The introduction begins by recommending any potential mage read the book in order, as each chapter describes the successive, necessary steps to begin spellcasting. It also recommends the reader seek out an experienced mage to supervise their attempts, in order to prevent any unfortunate accidents. Sugira isn't planning to attempt any of the magic described, however, so he can safely ignore this advice.
Next the book describes what it calls the eight 'primary colours' of magic: Deep Red, for Time; Red, for Fire; Orange, for Air; Gold, for Life; Green, for Earth; Blue, for Water; Indigo, for Illusion; Violet, for Space.
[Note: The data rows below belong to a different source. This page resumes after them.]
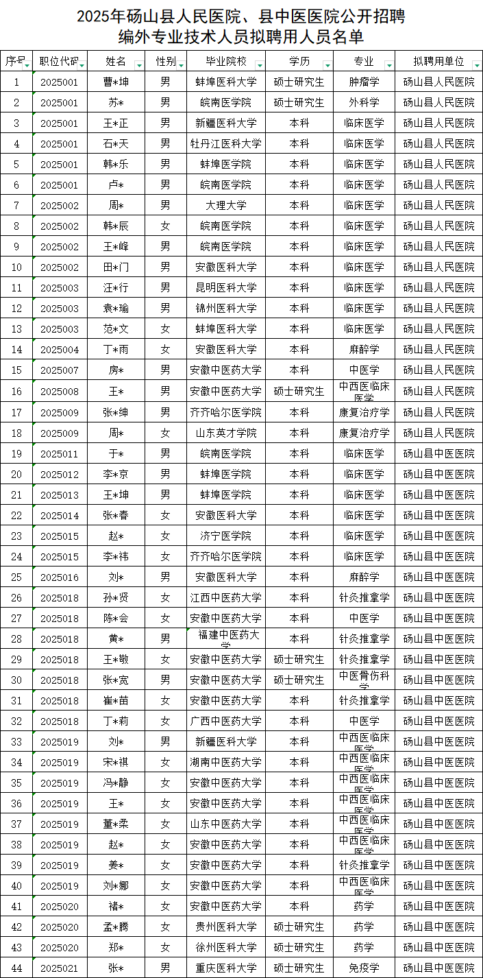根据《2025年砀山县人民医院、县中医医院公开招聘编外专业技术人员公告》规定,现将经笔试、面试、体检、考察合格拟聘用人员名单予以公示(名单见附件)。
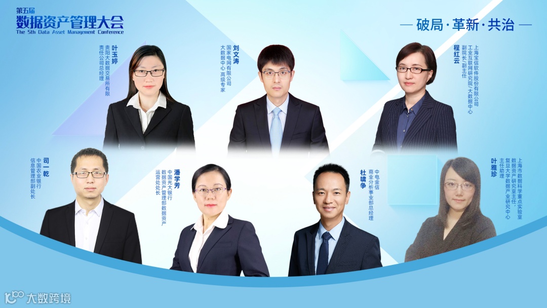 国家电网有限公司大数据中心高级专家刘文涛、中国农业银行信息管理部副处长司一乾、上海宝信软件股份有限公司工业互联网研究院副院长/大数据中心副主任程红云、中电金信商业分析事业部总经理杜啸争、中国光大银行数据资产管理部数据资产运营处处长潘学芳、贵阳大数据交易所有限责任公司总经理叶玉婷、上海市数据科学重点实验室数据资产研究室主任/复旦大学数据产业研究中心主任助理叶雅珍等,分别围绕《数据管理能力成熟度评估模型:数据治理之基》《宽表数据资产建设与管理》《中国宝武1+N大数据中心建设分享》《源启数据资产管理平台助力金融机构加速数据资产化过程》《商业银行数据要素市场化建设探索与实践》《数据交易所如何赋能数据商业模式新路径》《数据商品与数据商人》,发表了主题演讲。
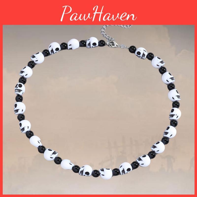Trendy Black And White Skull Pendant Necklace Perfect For Halloween
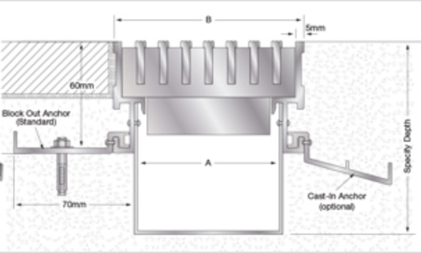 The material can be supplied in custom lengths to 4,000mm and factory manufactured fully welded angles and T’s are available for the grates and liners if required.The system is also available with block ends for the frame and trench if required. When the trench liner is used and factory fabricated block ends installed, the system will be an enclosed trough.
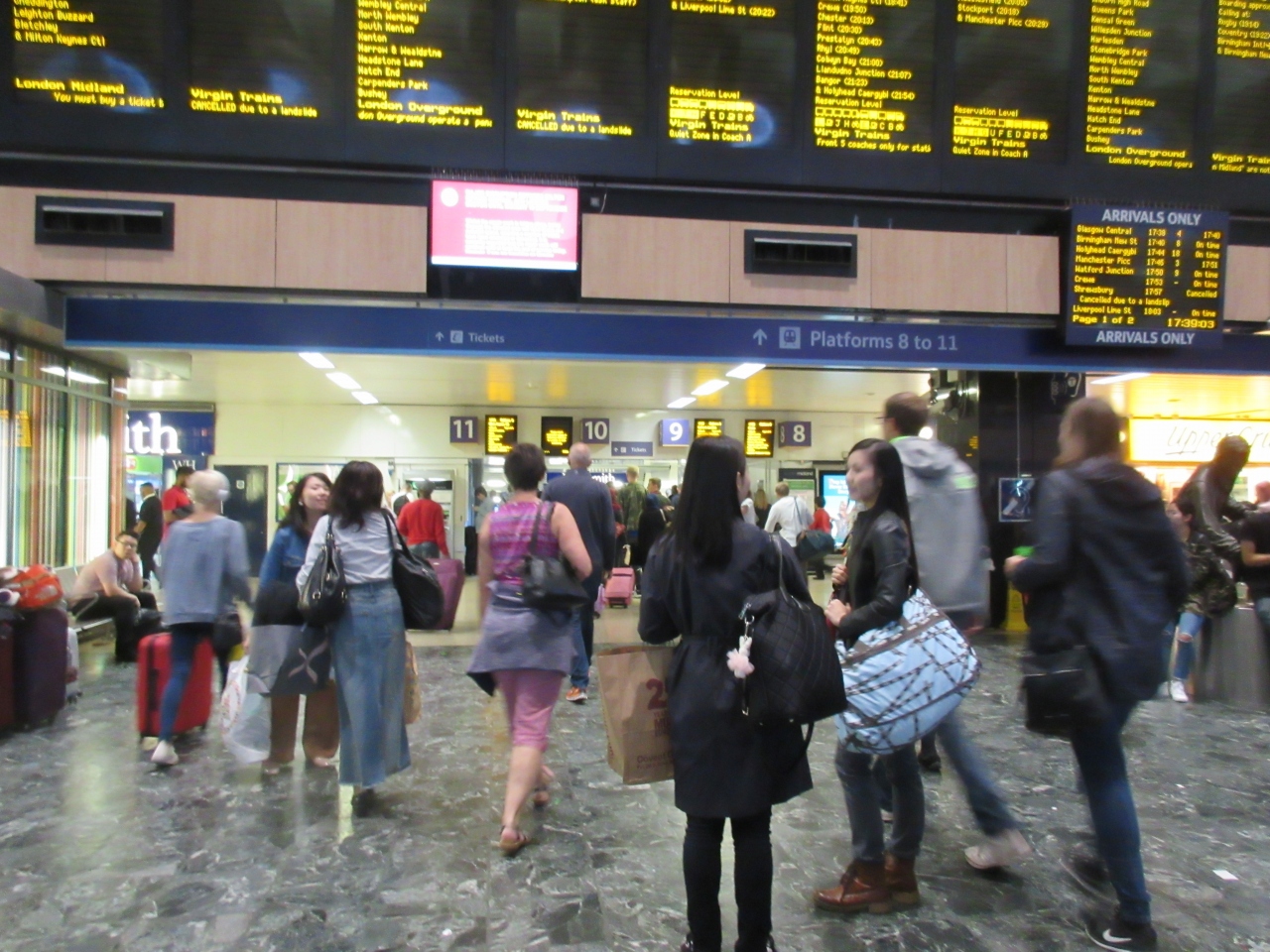チェスターやロンドンからの電車が発着する大きな駅。人でごった返している。大きいのでどこへでも行けそうだが、すぐ近くにあるクイーンストリート駅でないと行けないところがある。地下にトイレがあるが有料0.5ポンド。

It gives examples of each, including one each of first, second, and third-tier spells, and explains that the 'Beginner Spellcasting' chapter contains two simple spells from each category.
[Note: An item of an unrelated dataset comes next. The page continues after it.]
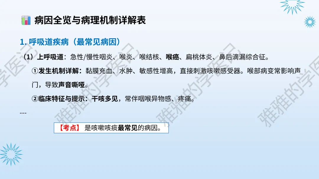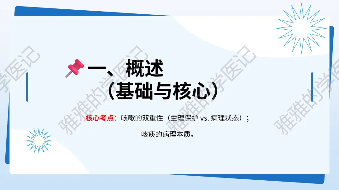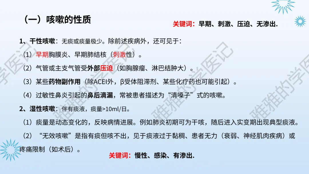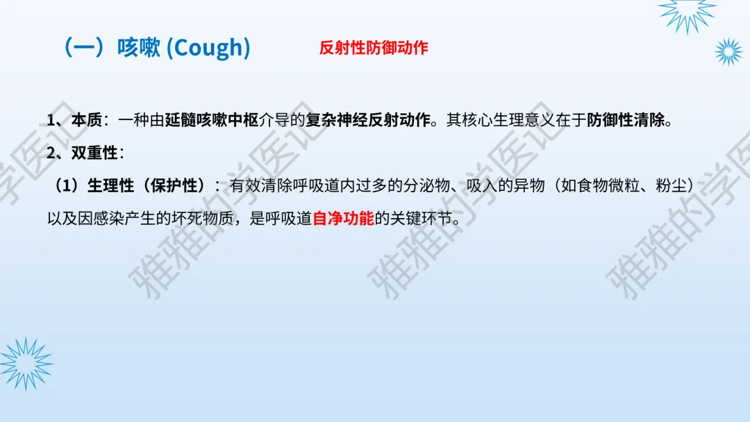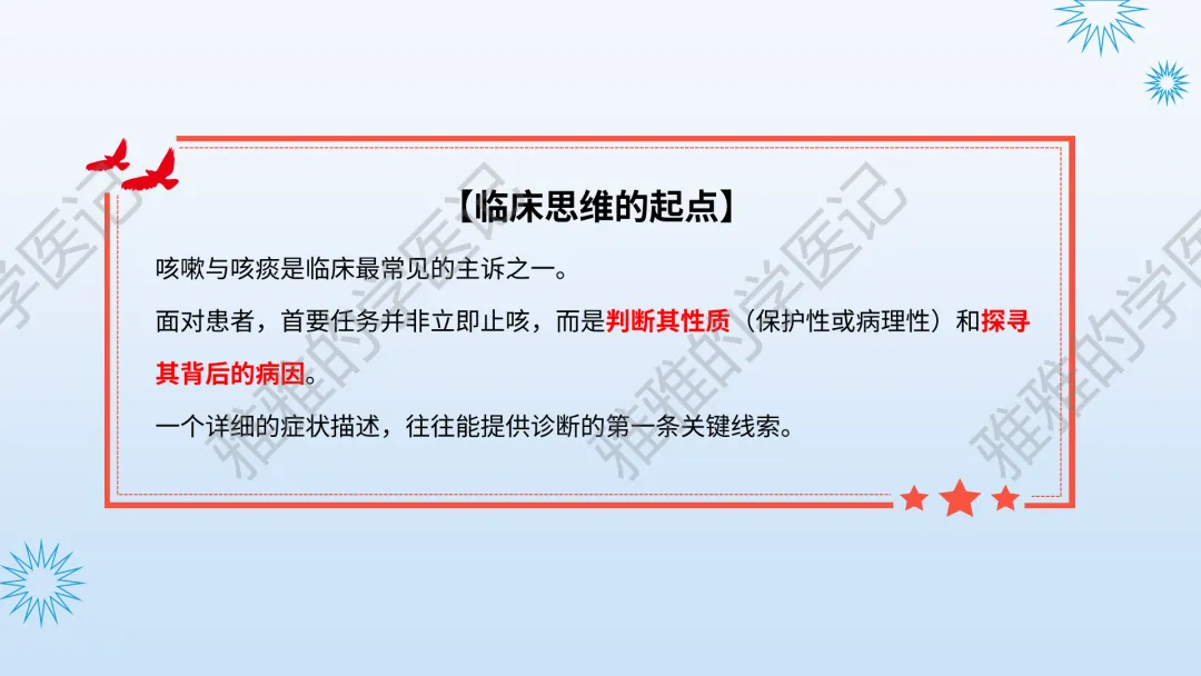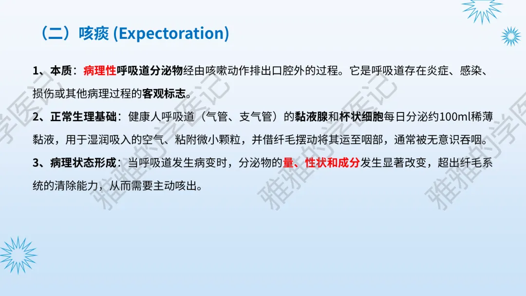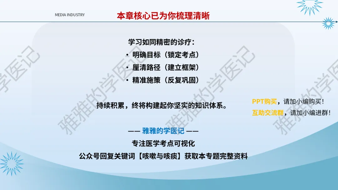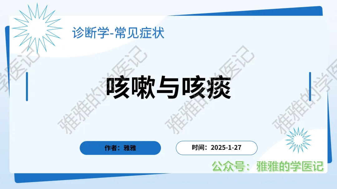 本PPT内容引用自《内科学(人卫第9、10版)》等权威文献,PPT版权归本公众号所有,制作与审稿均由本公众号完成。关注公众号为“雅雅的学医记”,获取更多专业健康知识。这份PPT凝聚了专业知识与临床经验,对咳嗽与咳痰具有认识,并了解学习的意义,欢迎大家分享转发,共同学习,期待与大家的互动!目前学识有限,欢迎大家的指正。内容说明:咳嗽与咳痰,制作完成,目前正在更新,需要笔记版请联系雅雅(免费)。后续更新内容:肺炎支原体肺炎、衣原体肺炎与肺军团病。- 知识点,需要不断积累,并梳理整理为自己的。加油!书山有路勤为径,学海无涯苦作舟。(韩愈)

The reader is reminded that it is unwise to practise anything beyond minor magics without examining one's own core, as mana exhaustion can come on unexpectedly, and is extremely dangerous.
Next, the author writes that those minor magics, simple applications of mana to do such things as induce growth in plants and heat water for hot drinks, are in fact useful exercises in controlling and refining one's magic, and suggests that any prospective mage make an effort to preform them as much as possible - no matter what certain elitist types might say.
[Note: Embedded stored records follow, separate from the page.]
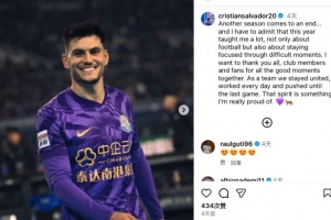 24直播网12月01日讯 2025赛季中超落幕,天津津门虎获第6。外援萨尔瓦多发文总结,称赛季收获良多,感谢俱乐部与球迷,并自豪于球队团结拼搏、进步至终的团队氛围。
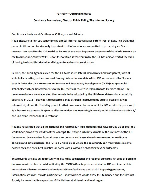 It is a pleasure to join you today for the annual Internet Governance Forum (IGF) of Italy. The work that occurs in this venue is extremely important to all of us who are committed to preserving an Open Internet. We consider the IGF model to be one of the most important outcomes of the World Summit on the Information Society (WSIS). Since its inception seven years ago, the IGF has demonstrated the value of having truly multi-stakeholder dialogues to address Internet issues.
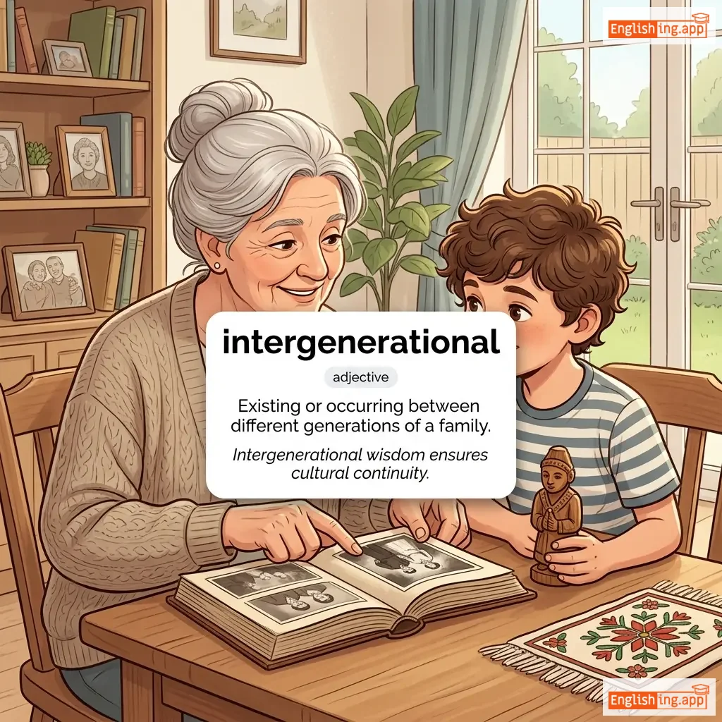 Existing or occurring between different generations of a family.

Last, there is a 'Note for Artefact wielders', recommending that they not attempt any spells with their Artefact's assiatance until they have a good grasp of both their own mana pool and the Artefact's.
The Minor Magics chapter itself offers a number of suggested applications to strengthen the reader's control and affinity to the various types of magic. It also warns against investing too much of one's mana pool into any one type of magic, as this limits how much magic of other types one may preform.
'Further Reading' contains several more spells of each type, along with a number of simple combination spells. Each spell description includes suggested incantations, an estimate of how much mana, and of what types (if applicable), is necessary, in a unit described as 'pins', where to direct the mana, and useful (if sometimes unusual) applications for each spell. For example:
Earth Wall - Calls forth an earthen wall from any surface made of loose earth. Common incantations are mostly variations on the word 'Wall' in one's preferred language. This spell requires seven pins of earth mana, and is therefore among the most expensive first-tier spells. It can be used to build defensive formations, platforms, temporary shelter, and allow access to places out of reach.
The Glossary consists of a list detailing the definitions of various terms used throughout the book.